The RBD contains two subdomains (Fig. 1): a core and an extended loop. The core is a five-stranded anti-parallel β sheet (β1 to β4 and β7), with three short connecting α helices (αA to αC). There are nine cysteines in the chymotryptic fragment. Disulfide bonds connect cysteines 323 to 348, 366 to 419, and 467 to 474. The remaining cysteines are disordered but two (378 and 511) are in the same neighborhood and could form a disulfide in the recombinant fragment, even if they have other partners in the intact S protein. The extended loop subdomain lies at one edge of the core; it presents a gently concave outer surface formed by a two-stranded β sheet (β5 and β6). The base of this concavity cradles the N-terminal helix of ACE2; a ridge to one side of it, which is reinforced by the Cys467–Cys474 disulfide bridge, contacts the loops between ACE2 helices α2 and α3; a ridge to the other side inserts between a short ACE2 helix (residues 329 to 333) and a β hairpin at ACE2 residue 353 (Fig. 1C). Residues 445 to 460 of the RBD anchor the entire receptor-binding loop to the core of the RBD. We refer to this loop (residues 424 to 494), which makes all the contacts with ACE2, as the receptor-binding motif (RBM).

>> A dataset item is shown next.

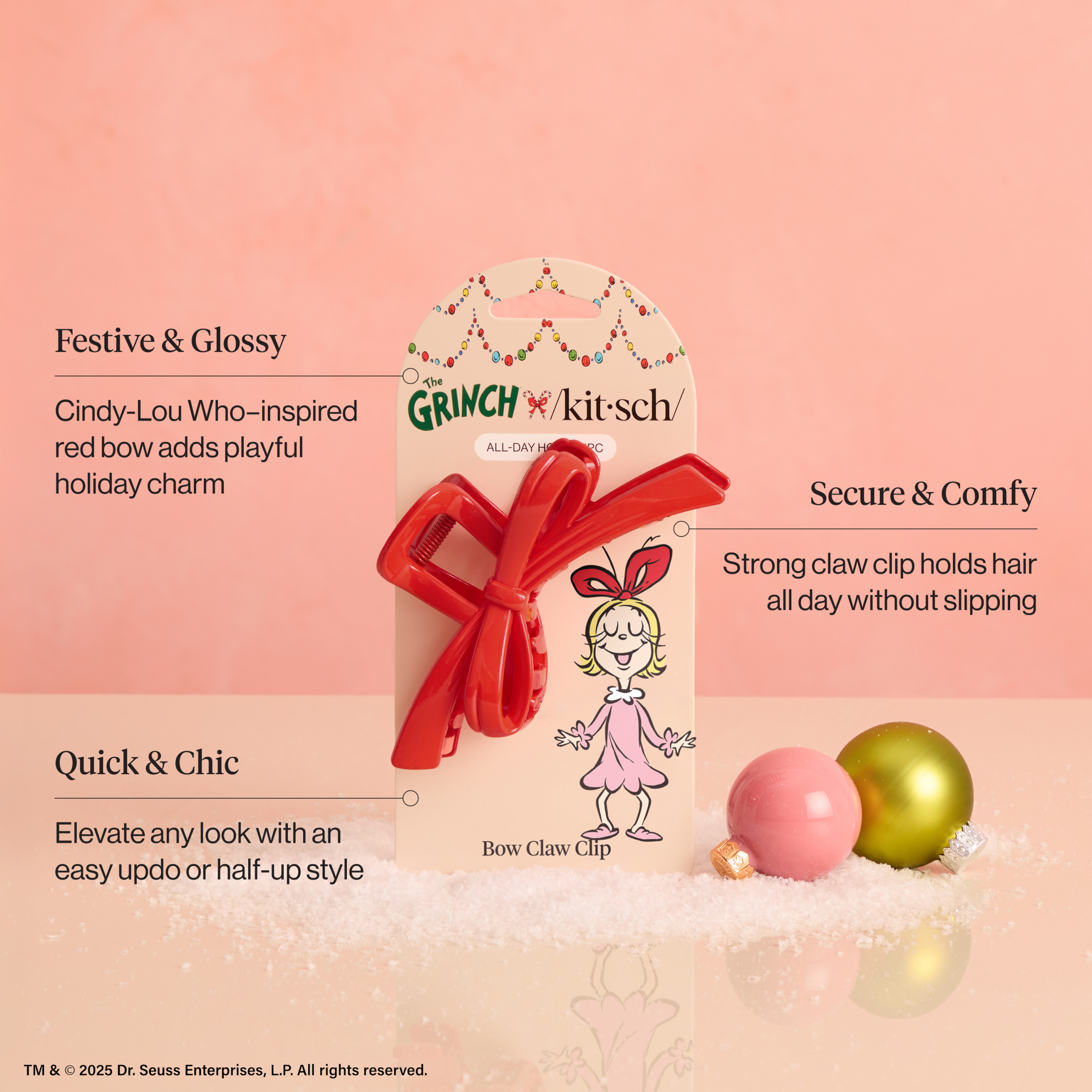 - Glossy red bow design inspired by Cindy-Lou Who’s signature style.

The RBM surface is complementary to the receptor tip, with about 1700 Å2 of buried surface at the interface (Fig. 2A and fig. S2), consistent with their high affinity (dissociation constant Kd ∼ 10–8) (18, 21). A total of 18 residues of the receptor contact 14 residues of the viral spike protein (Table 1). Networks of hydrophilic interactions, which occur largely among amino acid side chains, predominate. Six RBM residues at this interface are tyrosines, which present both a polar hydroxyl group and a hydrophobic aromatic ring (Fig. 2B).

Fig. 2.

Features contributing to specific recognition of ACE2 by the SARS-CoV RBD. (A) Surface complementarity, Space-filling representation of ACE2 (in green), RBD (core structure in cyan and RBM in red), and the complex of ACE2 and RBD are shown. The complex buries 1700 Å2 at the binding interface. (B) Distribution of tyrosines (magenta) and cysteines (yellow) on the RBD. The RBM is particularly tyrosine-rich. The six tyrosines that contact ACE2 are accompanied by an asterisk. The three disulfide bonds link C323 to C348, C366 to C419, and C467 to C474; two are labeled, and the third is partly concealed by the lower corner of the β sheet.

Table 1.

Contacts between ACE2 and SARS-CoV RBD. Residues in ACE2 that contact the RBD are listed by their position (numbers across the top of each column) and by their single-letter identity (36) in the palm-civet, mouse, rat, and human receptors. The residues they contact in the structure described here and their position numbers in the spike proteins from human isolates are shown at the bottom of each column.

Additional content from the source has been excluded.